Rivers also had an overachieving transition period as a Clippers coach when he led a team with no blue-chip players to the playoffs in 2019. Now, he’s doing his magic again without Ben Simmons, Tobias Harris, and Joel Embiid. The Sixers are doing better than expected despite the games missed by their key players.
I know the Raptors coaching staff is trying to find minutes for everybody. Still, I’m hoping that Khem Birch’s return should end the Precious Achiuwa-Chris Boucher combo on the floor, whether it’s tonight or the next game. The pairing is just not working, as their two-man lineup is posting an abysmal 75.3 Offensive Rating while being -19 on all of the minutes that they’ve shared together.
Unfortunately, the offense just looks terrible whenever both Boucher and Achiuwa are on the floor. The lack of respectable shooting screws up the floor spacing for others, and both Boucher and Achiuwa require spoon-feeding for them to be effective. What’s worse, their decision-making with the ball can be an eyesore at times.
Upsetting the Apple Cart
The Raptors’ season started looking wobbly, but the five-game winning streak showed a team that found their role. The identity has always been there for the most part — The Raptors will be physical defensively, especially at the point of attack, and hunt for transition baskets. But it was the half-court offense that’s different this season. OG Anunoby took over Siakam’s spot as the #1 option and has showcased another level of growth to his game. Then there’s Scottie Barnes’ surprising offense, where the Raptors have managed to milk his post-ups no matter how awkward it looked at times.
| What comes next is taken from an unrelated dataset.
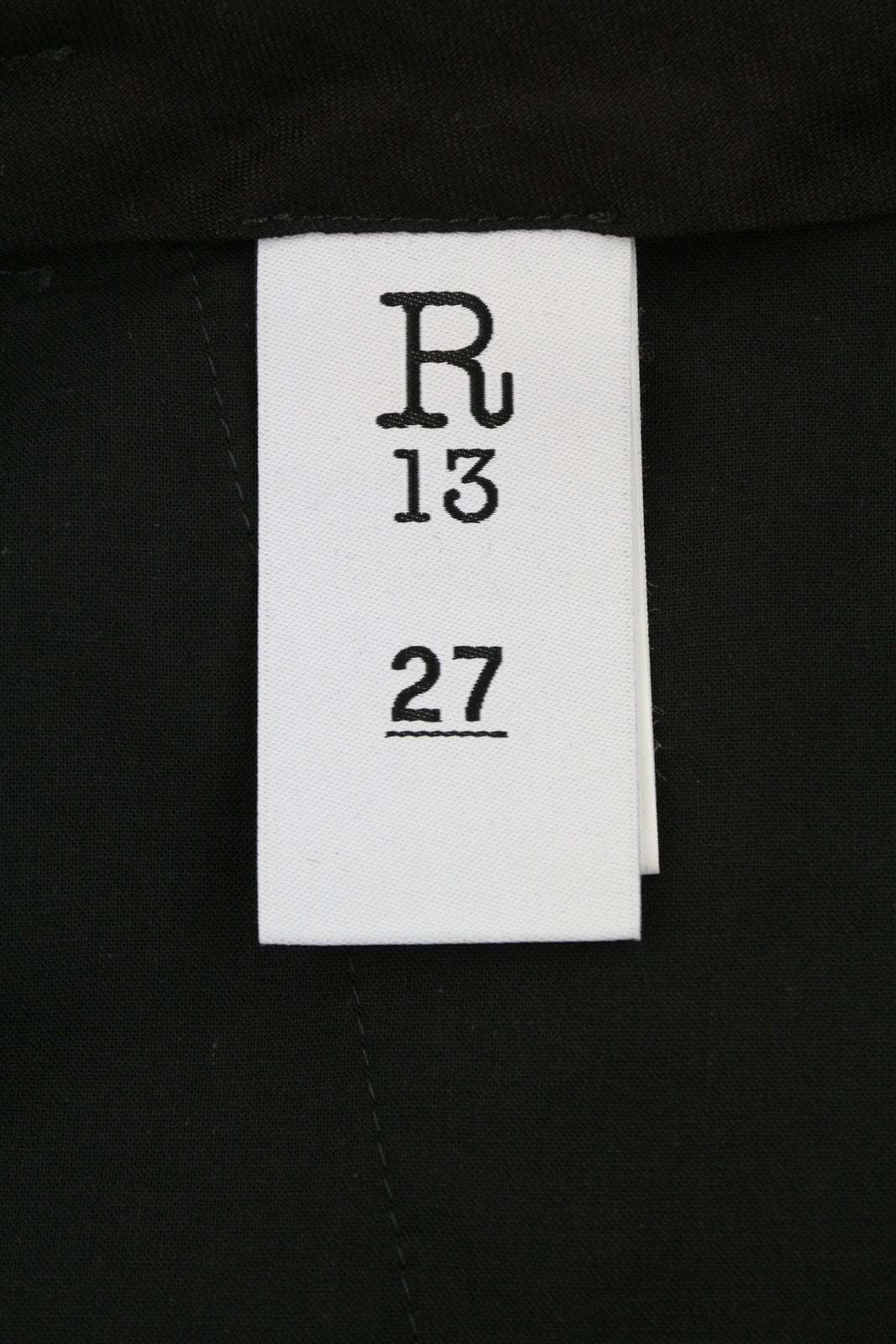 R13 Jumbo pritaikytos moteriškos kelnės 27 rudos lininės Bermudų stiliaus su lašeliu tarpkojyje SS25 RRP799

Unfortunately, Siakam’s return has caused some disruption on whatever rhythm the team has established prior. Anunoby is averaging only 15 points per game since Siakam’s return, down from 20.6 points. Siakam’s minutes with the starters didn’t look pretty either, as the Siakam-VanVleet-Anunoby/Trent Jr/Barnes lineup is only posting a 98.1 Offensive Rating, compared to the VanVleet-Anunoby-Trent Jr-Achiuwa-Barnes lineup that has a 110.4 Offensive Rating.
Through two games, the “eye test” suggests that the team is going through growing pains adjusting to Siakam and vice versa. With Siakam looking rusty, perhaps the minutes should not be the only thing that should be “eased in” for Siakam. Perhaps Siakam should start with the starters as the 3rd or 4th option on the offense and let the game come to him?